Protocol implementations should generally consider data which fails to validate against the Lexicon to be entirely invalid, and should not try to repair or do partial processing on the individual piece of data.

Unexpected fields in data which otherwise conforms to the Lexicon should be ignored. When doing schema validation, they should be treated at worst as warnings. This is necessary to allow evolution of the schema by the controlling authority, and to be robust in the case of out-of-date Lexicons.

Third parties can technically insert any additional fields they want in to data. This is not the recommended way to extend applications, but it is not specifically disallowed. One danger with this is that the Lexicon may be updated to include fields with the same field names but different types, which would make existing data invalid.

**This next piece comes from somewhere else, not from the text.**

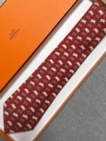 HERMES Silk Tie Red Animal Print Made in France Authentic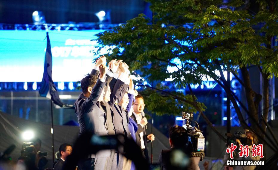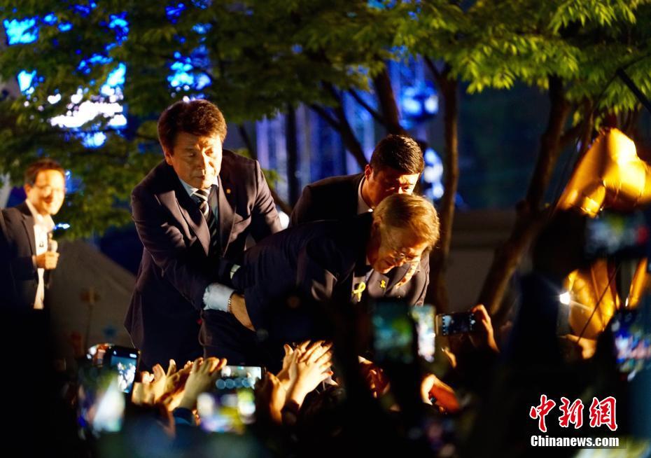 當(dāng)?shù)貢r(shí)間5月9日深夜,韓國(guó)第19屆總統(tǒng)選舉共同民主黨候選人文在寅及其競(jìng)選團(tuán)隊(duì)現(xiàn)身首爾光化門(mén)廣場(chǎng),發(fā)表“勝選演說(shuō)”,與支持民眾握手慶祝。據(jù)出口民調(diào)顯示,文在寅在當(dāng)日進(jìn)行的大選投票中以41.4%的支持率絕對(duì)優(yōu)勢(shì)勝選。在選舉管理委員會(huì)公布的大部分開(kāi)票結(jié)果中,文在寅得票率也遙遙領(lǐng)先,提前鎖定勝局。 中新社記者 吳旭 攝

Usage and Implementation Guidelines

It should be possible to translate Lexicon schemas to JSON Schema or OpenAPI and use tools and libraries from those ecosystems to work with atproto data in JSON format.

Implementations which serialize and deserialize data from JSON or CBOR in to structures derived from specific Lexicons should be aware of the risk of "clobbering" unexpected fields. For example, if a Lexicon is updated to add a new (optional) field, old implementations would not be aware of that field, and might accidentally strip the data when de-serializing and then re-serializing. Depending on the context, one way to avoid this problem is to retain any "extra" fields, or to pass-through the original data object instead of re-serializing it.

Possible Future Changes

The validation rules for unexpected additional fields may change. For example, a mechanism for Lexicons to indicate that the schema is "closed" and unexpected fields are not allowed, or a convention around field name prefixes (x-) to indicate unofficial extension.